Key Takeaways
- Pooled ground lease securitizations are a novel approach involving a familiar asset (ground-leased properties), where the cash flow collateral would be the ground leases themselves, and not loans secured by liens on ground-leased properties.
- The credit profile of a pooled ground lease securitization would center on legal risks, asset quality, and servicing considerations.
- While the characteristics of the assets themselves in a pooled ground lease transaction--and our approach to analyzing the risks–-will naturally share many similarities with those in a CMBS transaction, there are important distinctions.
A "ground lease" is defined (via a simple online search) as a long-term (typically 50-99 years) lease agreement where a tenant (the lessee) rents land from a landowner (the lessor) and builds structures or improvements on it, after which the land and all improvements revert to the landowner. In terms of the commercial mortgage-backed securities (CMBS) sector, mortgage loans secured by individual ground-leased properties have been securitized in the past and included within conduit and standalone transactions. However, of late, S&P Global Ratings has received proposals to rate securitizations of pooled ground leases themselves, a novel approach involving a familiar asset.
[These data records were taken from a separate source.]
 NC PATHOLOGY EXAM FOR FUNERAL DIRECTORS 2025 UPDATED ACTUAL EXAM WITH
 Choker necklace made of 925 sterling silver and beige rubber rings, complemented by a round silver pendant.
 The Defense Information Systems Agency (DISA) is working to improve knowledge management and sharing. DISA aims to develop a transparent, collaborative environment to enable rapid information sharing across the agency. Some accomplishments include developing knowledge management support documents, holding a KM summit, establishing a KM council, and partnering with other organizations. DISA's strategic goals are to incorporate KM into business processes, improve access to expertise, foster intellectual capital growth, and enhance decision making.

As such, we explore the legal aspects, asset quality considerations, and servicing we view as risks inherent in a pooled ground lease securitization.
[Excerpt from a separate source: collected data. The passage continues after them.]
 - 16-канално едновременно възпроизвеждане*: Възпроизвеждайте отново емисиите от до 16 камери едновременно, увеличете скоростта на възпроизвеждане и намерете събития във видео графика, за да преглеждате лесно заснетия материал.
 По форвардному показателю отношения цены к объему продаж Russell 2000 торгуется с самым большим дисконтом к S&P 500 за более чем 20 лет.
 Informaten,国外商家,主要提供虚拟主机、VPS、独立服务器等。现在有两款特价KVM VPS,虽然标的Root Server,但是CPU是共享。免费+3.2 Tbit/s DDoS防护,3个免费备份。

While the characteristics of the assets themselves in a pooled ground lease transaction--and our approach to analyzing the risks–-will naturally share many similarities with those in a CMBS transaction, there are important distinctions that we discuss in the following sections. For pooled ground lease transactions, unlike in a CMBS transaction, the cash flow collateral would be the ground leases themselves, and not loans secured by liens on ground-leased properties. Credit on individual ground leases or pools with significant concentration can be associated with more direct linkage to creditworthiness of the lessee, whereas well-diversified pools offer greater protection against idiosyncratic risk.
Legal Risk
To begin, pooled ground lease structures typically contain no mortgage loan, and no requirement of ownership (by the issuing special-purpose entity [SPE]) of the leased properties. The security interest is a contractual right to the pledged lease revenues (ground rent) from the leased properties as collateral for the debt. The ground lessee's obligation to make the pledged lease payments will typically be senior to their mortgage payments (if any), operating expenses, and other obligations, although it's possible that the lender's claim takes precedence in subordinated ground leases. Upon a default, the securitization trust would not be entitled to enforce its claim against the property itself, but rather only against the ground lease. As a result, recoveries would be limited to any post-default resumption of payments. If the servicer has the power to re-lease the property after a default (see the Servicing Considerations section below), cash flow could resume following re-tenancy if there's an agreement in place to allow future cash flows to be pledged to the trust.
Chart 1
With this in mind, we'd consider the following legal risks, and any mitigants, to evaluate the sustainability of the cash flow:
- First, does the owner have the right to sell the land at any time? If so, we would need to consider whether provisions in the documentation mitigate the risk that the transfer of the title disrupts the continued pledge of revenues (other than payments in lieu of taxes) to the rated debt.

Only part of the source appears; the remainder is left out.